I used to go to Tim Horton’s every Monday to get an Iced coffee. I’d regularly talk to the staff there and before long they’d know my name as well as my usual order, to start making my drink as soon as they saw me enter the building. They’d smile and ask me what was new with my life and if there was time, I’d tell them everything they wanted to know. (Usually more.)
They don’t have Tim Horton’s in Kentucky, though, so when down there visiting the wife’s family, I’d have to settle for Dairy Queen’s Iced Coffee equivalent.
“You really like that Iced Coffee?” Brenda, the Dairy Queen worker asked me.
“I do,” I responded with a smile. “I have one all the time at Tim Horton’s.”
“Is he related to the Horton family up there on Richmond Road?” she then asked me.
“No,” I responded, a little puzzled. “Tim Horton’s is a Canadian based donut and coffee chain of stores and there’s one in Columbus.”
“Oh,” she responded with a smile of understanding, “from what part of Canada are you?”
I stood there and blinked in confusion for a second. “Manitoba,” I then responded, deciding to just agree with the woman who clearly wasn’t listening to what I was saying.
“Oh it’s beautiful country up there,” the woman then happily responded.

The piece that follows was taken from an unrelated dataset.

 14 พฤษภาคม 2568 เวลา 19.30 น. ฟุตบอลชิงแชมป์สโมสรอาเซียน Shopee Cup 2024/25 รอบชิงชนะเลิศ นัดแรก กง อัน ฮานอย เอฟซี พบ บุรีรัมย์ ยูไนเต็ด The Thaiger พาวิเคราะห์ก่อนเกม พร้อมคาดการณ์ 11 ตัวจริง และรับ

“Isn’t it,” I replied with a smile.
The wife thought it was slightly callous of me to let the Dairy Queen worker believe we were from Canada and told me as much as we headed to the car.

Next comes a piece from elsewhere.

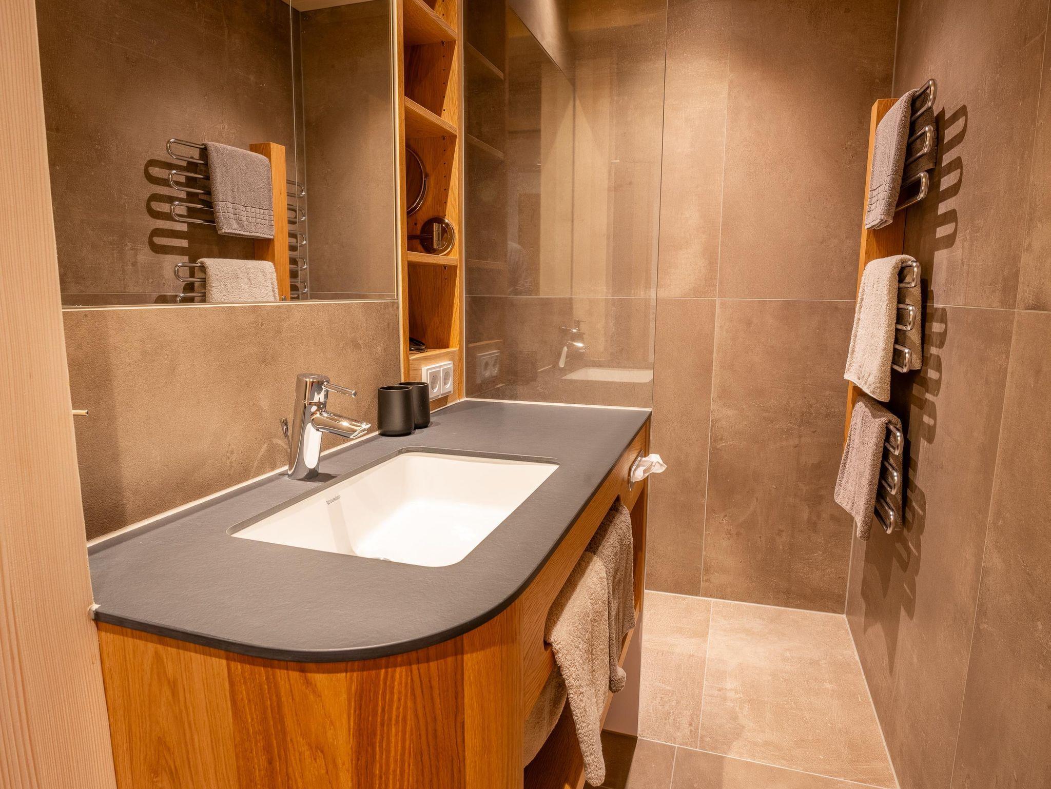 Unsere ca. 50 m² große Ferienwohnung UGA-BERG befindet sich im 3. Obergeschoss. Sie bietet Platz für zwei bis maximal fünf Personen und überzeugt mit klarem Design, so viel wie möglich Tageslicht und einem sonnigen Balkon. Zwei getrennte Schlafzimmer sorgen für Komfort: Eines ist mit einem Doppelbett und einer Couch ausgestattet, das andere mit zwei einzeln stehenden Betten. Beide Zimmer verfügen über ein eigenes TV-Gerät. Der Eingangsbereich ist großzügig angelegt und bietet reichlich Garderobenfläche. Von hier aus erreichen Sie beide Schlafzimmer, das Badezimmer mit Dusche und Waschbecken sowie das separate WC. Der offene Küchenbereich ist mit modernen und hochwertigen Siemens-Geräten ausgestattet: Backofen, Mikrowelle, Induktionskochfeld, Kühlschrank mit Tiefkühlfach und Spülmaschine sowie zusätzliche Elektrogeräte (Kaffeemaschine, Wasserkocher, Toaster, Plattengrill, Handmixer) lassen keine Wünsche offen.

“When people aren’t listening to what I’m saying and it’s just small talk anyway, it’s just easier to agree with them in order to get through the conversation,” I told her.

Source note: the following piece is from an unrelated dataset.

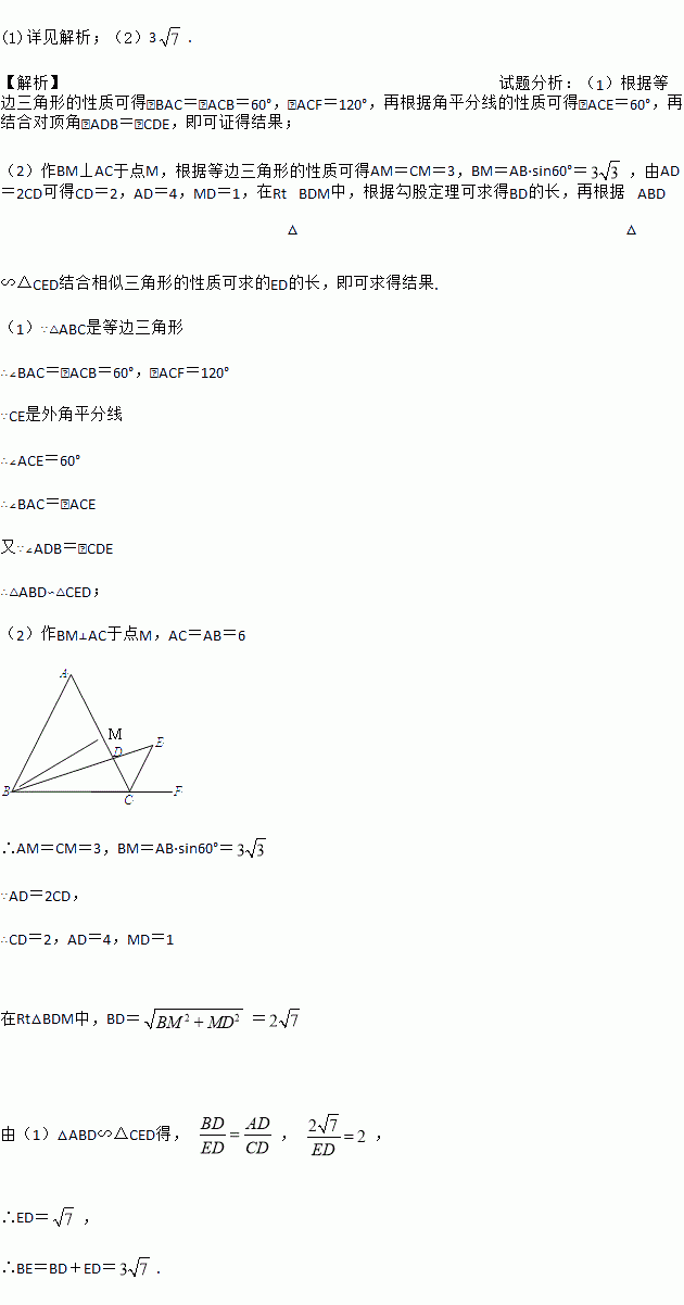 如图,△ABC是等边三角形,CE是∠ACB的外角平分线,点D在AC上,连接BD并延长交CE于点E.

“Well it still seems mean,” she responded.
I didn’t want to unknowingly be callous to others, so the next day at work I headed to my Tim Horton’s and asked the workers there if I’d ever been rude to them.
“Not at all,” one responded after hearing my question.
“How about you, Rosemary,” I asked another worker there, “have I ever been rude to you.”
“I’m doing fine today,” she responded with a smile, “and you?”
1 Comment
September 18, 2007 at 12:15 am
I think Laura was just embarrassed to be accused of being Canadian. I sure would be. Soviet Canuckistan, has anything good ever come from it? Outside of Mario Lemieux, that is.